In statistics, many time series exhibit cyclic variation known as seasonality, defined as the repetitive and predictable movement around the trend line. It is detected by measuring the quantity of interest for small time intervals, such as days, weeks, months or quarters. The best known seasonal progression is the outdoor temperature. Based on the time of the year, you probably know the range of temperatures you can expect. Let’s visualize the temperature in the Northwestern U.S. on picture below:
We don’t have to be statistical experts to clearly see the seasonal cyclic movement of temperature, which is very similar every year. To be able to predict temperature for the next year, it’s very useful to calculate seasonal pattern. For now, you can think about the pattern as an average temperature for a given day over all years. Temperature pattern is calculated in the next picture (red line is the pattern, black lines are the individual years charted on the same X axis):
Now imagine instead of temperature some commodity price. That would be an excellent trade, wouldn’t it? Buy in February, close and reverse position around the end of July and close at the end of the year. And repeat that every year. Unfortunately we can’t trade temperature that way.

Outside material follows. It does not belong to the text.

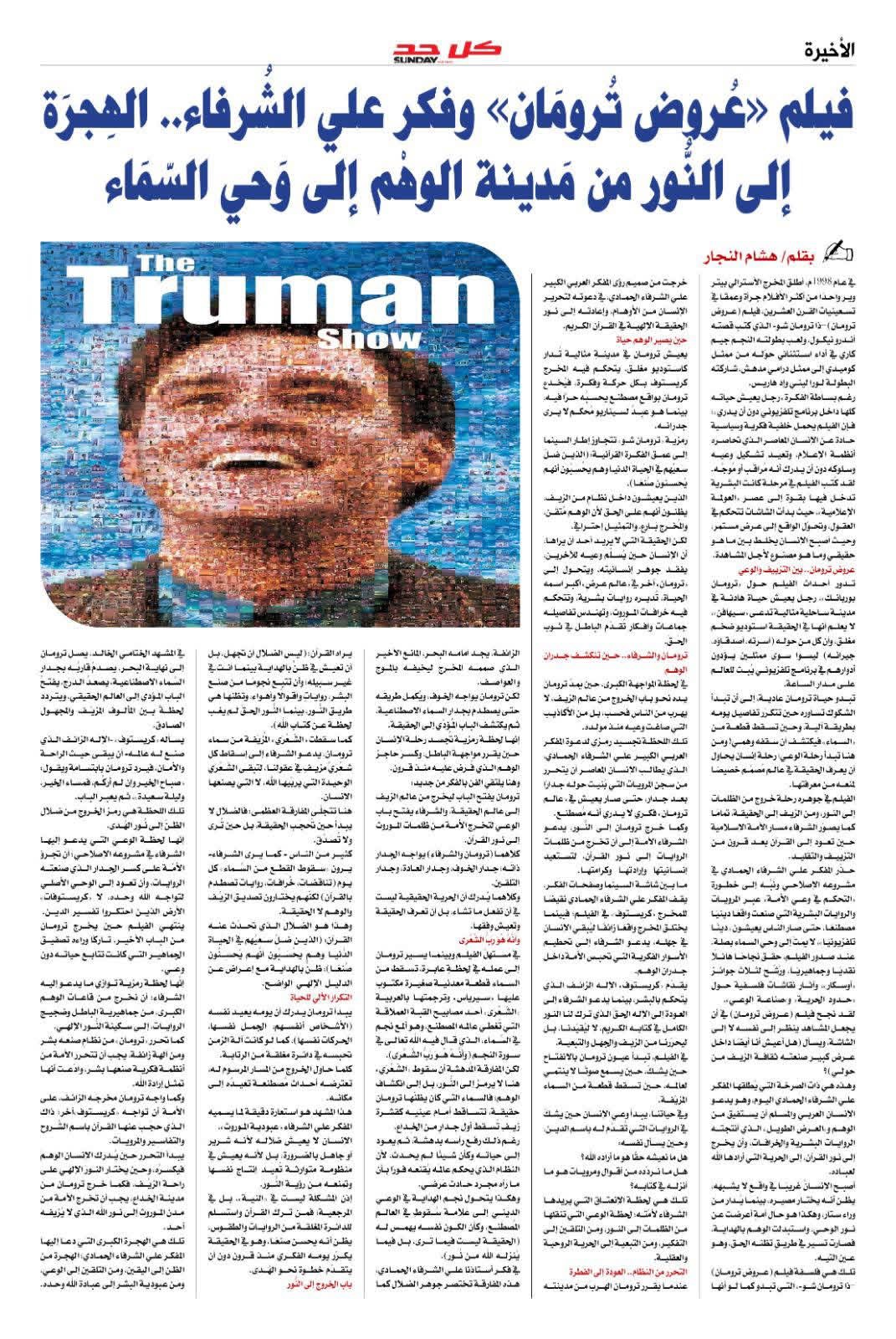 وفي الصفحة الأخيرة، قدّم رئيس مجلس التحرير الكاتب الصحفي هشام النجار مقال نقدي تحليلي بعنوان " فيلم عروض ترومان وفكر علي الشرفاء .. الهجرة إلى النور من مدينة الوهم إلى وحي السماء " ، ربط فيه بين الرسالة الإنسانية للفن ورؤية المفكر علي الشرفاء في الدعوة إلى وعي جديد يعيد للإنسان توازنه الروحي والفكري .

But the prices of goods are subject to seasonal tendencies as a result of natural processes, for example harvest (supplies of grain peak at harvest and drop off through the year) or weather periods occurring at various times of the year (oil is less expensive in summer than in winter during the heating season). And we have other important annual events, which can create yearly cycles in supply and demand. For example, the U.S. income taxes due date April 15th, dividend payments on certain dates, end of the fiscal year and maybe something more exotic like a mood improvement prior to holidays.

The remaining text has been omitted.